How Basecamp Works: Shaping, Betting, and Building

Photo by Surface on Unsplash

Each week I share three ideas for better ways of working. This week, those ideas come courtesy of Ryan Singer at Basecamp.

I recently finished ShapeUp — How to Stop Running in Circles and Ship Work that Matters, a new book that explains how Basecamp — one of the world’s most famous SaaS companies — actually works.

These are my top-3 takeaways:

1. Shaping

In contrast to most Agile practices that use short 2-week sprints, the Basecamp team has settled on a 6-week cycle; long enough to be meaningful yet short enough to see the finish line. Like most Agile practices, Basecamp does however abide by the Fixed Time, Variable Scope constraint, meaning that work is shaped to fit within the 6-week cycle, and they use the term ‘appetite’ to denote the scope that a 2-person team (typically a designer and a developer) can deliver within that time.

2. Betting

Unlike Agile practices that typically stuff each 2-week sprint full of detailed user stories, Basecamp devotes each 6-week cycle to one or more pitches. A pitch is a short written document explaining the problem to be solved, the appetite with which to do so, and a proposed solution.
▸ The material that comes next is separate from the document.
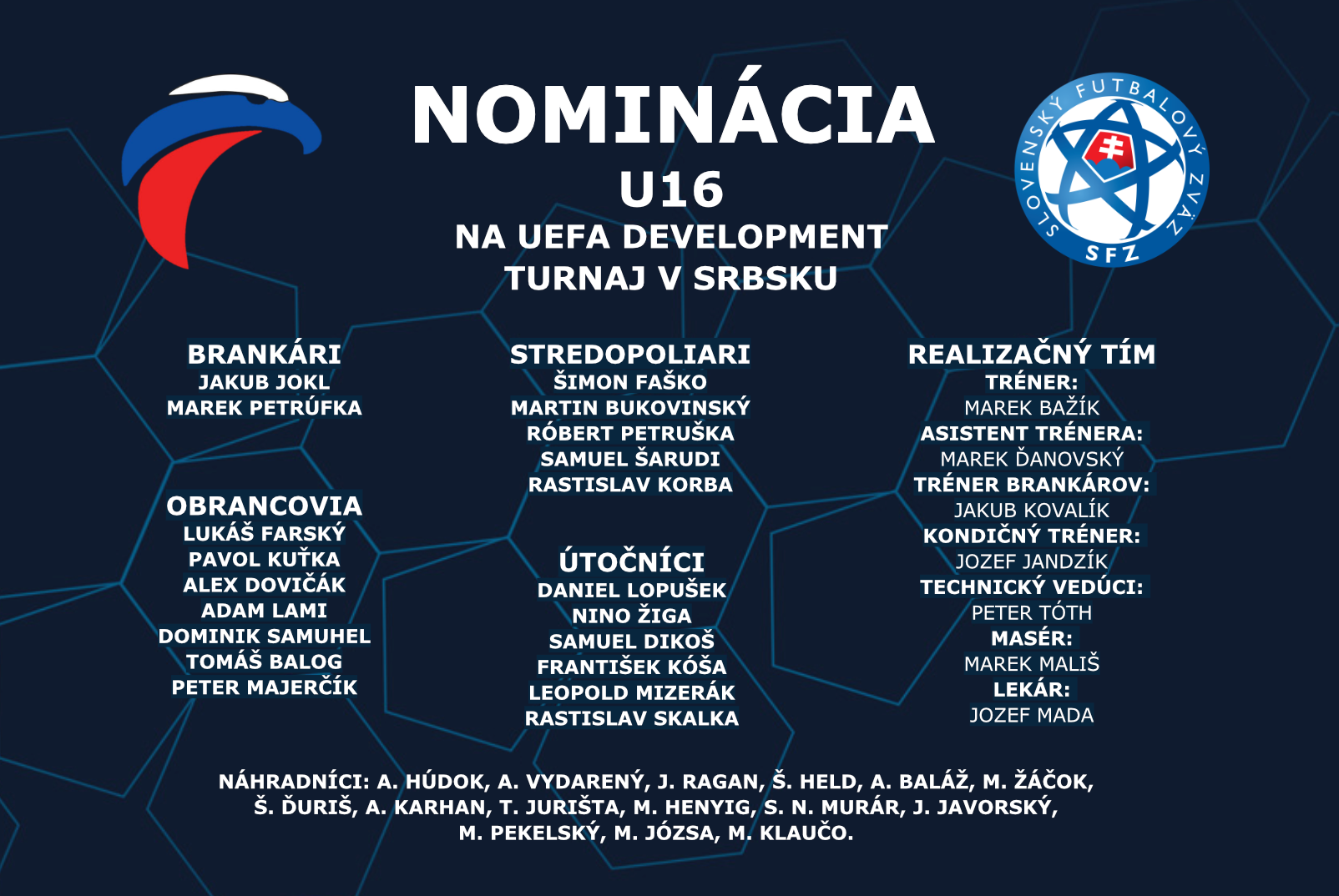A szlovák U16 válogatott edzője, Marek Baík is kijelölte azt a 20 fős keretet, akik Szerbiába utaznak az "UEFA Development" tornára. A játékosok és a stáb május 3-án, kedden találkoznak a somorjai X-Bionic Sphere üdülőhelyen. A szerbiai UEFA tornán három mérkőzés vár a csapatunkra, méghozzá Magyarországgal, Finnországgal és a hazai szerb válogatottal.

Note the emphasis on short; good pitches make clear what the sought-after outcomes are, but they refrain from providing details as to how that outcome should be achieved. That is left to the team.

3. Building

Speaking of which: unlike Agile practices that assume user stories are complete before they’re added into the sprint, Basecamp allows its teams to discover scope as they go along. “You need to walk the territory before you can draw the map,” writes author Ryan Singer, adding that every piece of work has two discrete phases: There’s the uphill phase in which the team figures out how to deliver on the pitch. And then there’s the downhill phase when they buckle in for execution.

Like previous books from Basecamp, ShapeUp is concise, well-written, and highly opinionated. It’s free to read online. And it provides an interesting alternative to Agile practices like Scrum.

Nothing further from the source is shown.